The next speaker at Future of Journalism 2017 is Scott Eldridge, whose interest is in the presence of 'fake news' in its various guises in political campaign coverage. This includes news, rumour, and speculative fact, and indeed attempts to address political rumour go back at least to the Roman Empire.

The promise of print news was initially that it would shut down the circulation of rumour by providing black-on-white facts on a professionally organised, mass-market basis – yet rumour clearly persists nonetheless, in formulations such as "sources say", in the push towards insufficiently verified live reporting, and in the incorporation of public commentary from a variety of sources that may not be fully committed to the facts. Rumours exist in the crowd (e.g. on social media); at large (e.g. circulating irregularly online); and in the press (which lend them an aura of factuality).

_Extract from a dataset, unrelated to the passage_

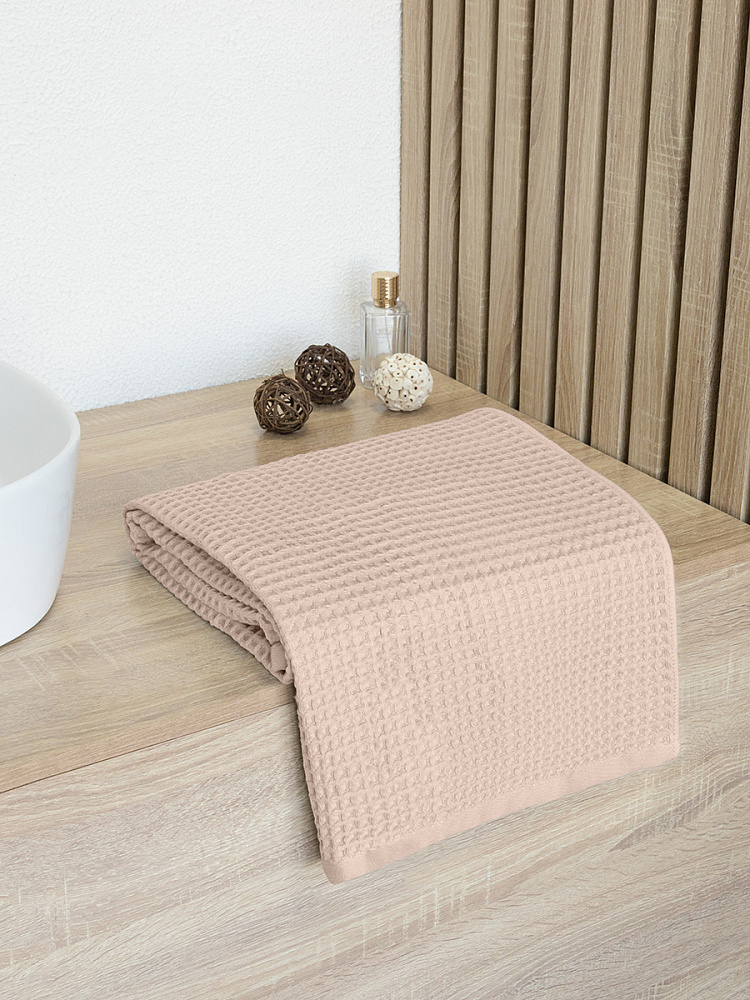 Полотенце вафельное 50x90см DE'NASTIA для бани/сауны 300гр бежевый хлопок

Scott's project gathered some 1,400 news articles from major news outlets around the 2016 U.S. election and its aftermath, focussing especially on articles that addressed rumour topics. 'Trump' and related terms were central to such coverage, and surprisingly the term 'not' also appeared prominently; this was substantially driven by phrases like "whether or not this is true" that highlighted the speculative nature of particular stories, demonstrated journalistic authority over truth judgments, and discursively marginalised rumours (yet also perpetuated their circulation).